The fish we ate that day was a white sucker, a ubiquitous species found from Labrador to New Mexico. But there are many other kinds. It turns out North America is the Amazon rainforest for sucker diversity, with some 78 of the world’s 80 known species found here. Angling author and fishing friend Matt Miller, a proud sucker champion and advocate, says his favorite is the largescale found in his local waters in Idaho. He describes it as hard-fighting and aggressive, yet difficult to fool. His holy grail though is the blue sucker, which he hasn’t yet caught and describes as perhaps more difficult to hook than Atlantic salmon. Matt also points out that many sucker species need clean, free-flowing rivers just like native trout, salmon, and steelhead, and are therefore impacted by the usual suspects – dams, dewatering for irrigation, and climate change.

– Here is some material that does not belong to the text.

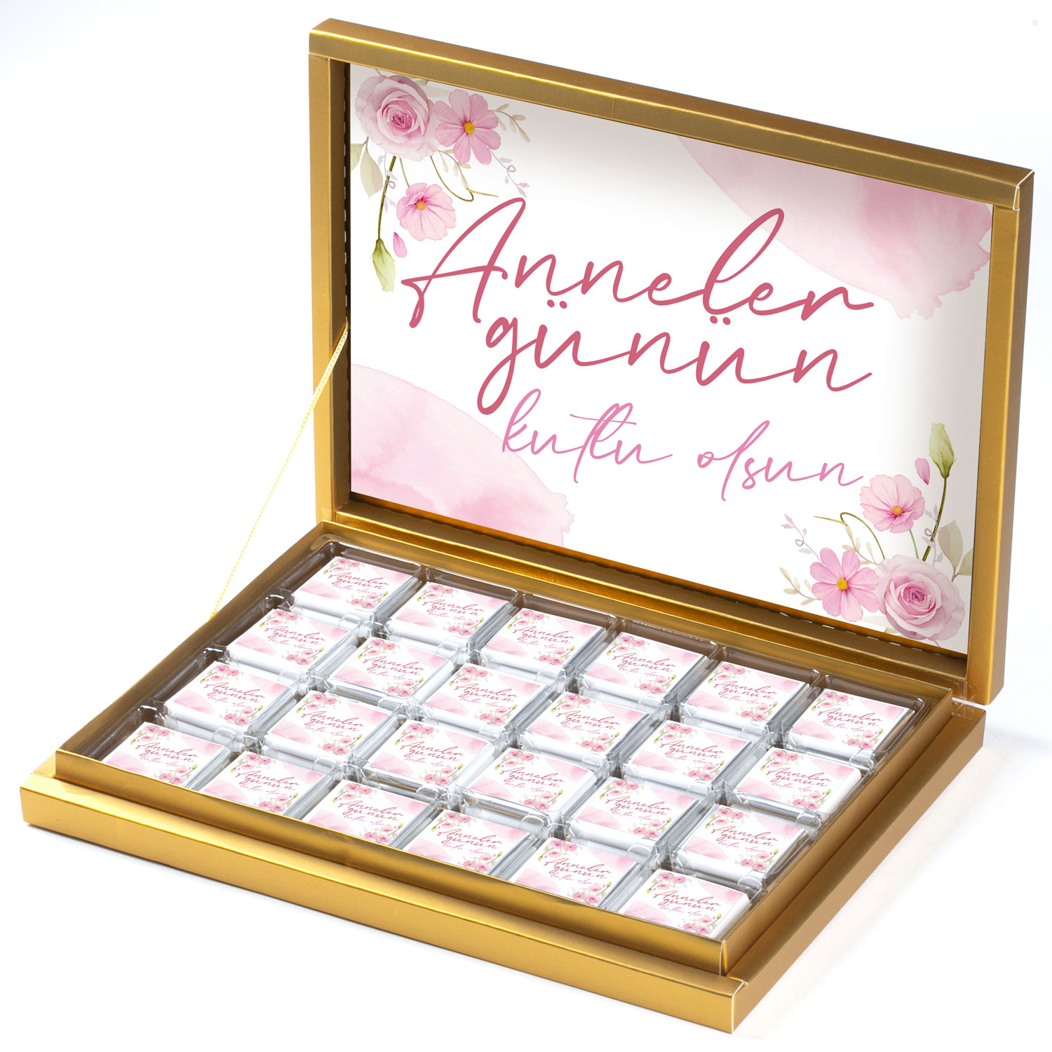 Gelince Haber Ver48 adet sütlü madlen çikolata (340gr) üzerine ve kapak içine "Anneler Günün Kutlu Olsun" mesajı yapıştırılarak Gönderilir.

Ergo, if you protect suckers and their habitat, you may be safeguarding other more celebrated “gamefish,” too.

So, suckers are kind of cool.

A few weeks ago, and several decades after that first try with a fly rod, I found myself prospecting along an unstocked and overlooked wild trout stream. On a previous trip, I had released a few 10-inch browns, but felt that the creek, which featured deep logjams and juicy undercut banks, may have been holding out on me. The water ran low and clear that day, with a bright sun bearing down – bad conditions for fooling wild trout. I eventually came to a slow run and there on the bottom, perhaps 50 white suckers had gathered. The fish seemed semi-spooked by my presence, periodically dashing around, and re-ordering their ranks like a version of musical chairs.

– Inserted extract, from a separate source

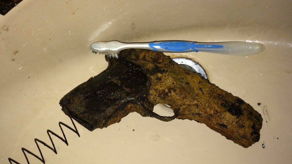 Ist schon etwa 2 Monate her und sie ist auch nicht mehr in meinem Besitz (bereits am nächsten Tag bei der Polizei abgegeben) aber hab mich damals natürlich riesig gefreut über den Fund. Bis dato, abgesehen von Knöpfen und Munition, auch mein einziger Militariafund. Schätze mal maximal 40 Jahre alt: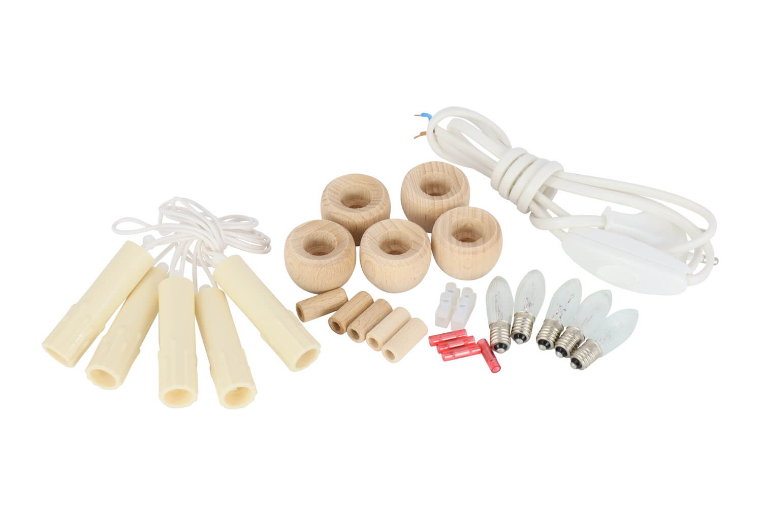 Kit for 5 candle arch, 5 corrugated candles 46 Volt, 1 connecting cable with switch, 1 luster terminal, 5 candle sleeves completely assembled with 26 cm long cables, 4 crimp connectors, 5 wooden grommets with respective connecting sleeve

Then I saw it: holding among the suckers swam a large wild brown – easily twenty inches long. The big trout had presumably taken up with the sucker school to protect itself – a safety-in-numbers strategy. Without the suckers as cover, the brown would have certainly been holed up deep in a logjam or under the bank, where I never would have seen it. I didn’t bother casting to the nervous fish, which was now darting around with the suckers, but now I knew its precise address. I would return on a better day, perhaps when the water was high and stained, armed with a weighted streamer. Or I could dead drift an egg fly when the suckers spawn in the riffles and the trout would hold behind them scarfing down dislodged eggs. Maybe I’d wait for a spinner fall and stalk the big brown sipping spent mayflies at last light. Whichever the case, I filed the location in a lockbox that I would open at a day and time of my choosing.

And for that I say: thank you, suckers.

Comments

In NH, the fish they call "sucker" is a Mountain Whitefish. A salmonid. Those suckers will take a fly out of the air and fight like a rainbow. I always let myself believe they are trout, right up until I let them go. Had many a good day on them.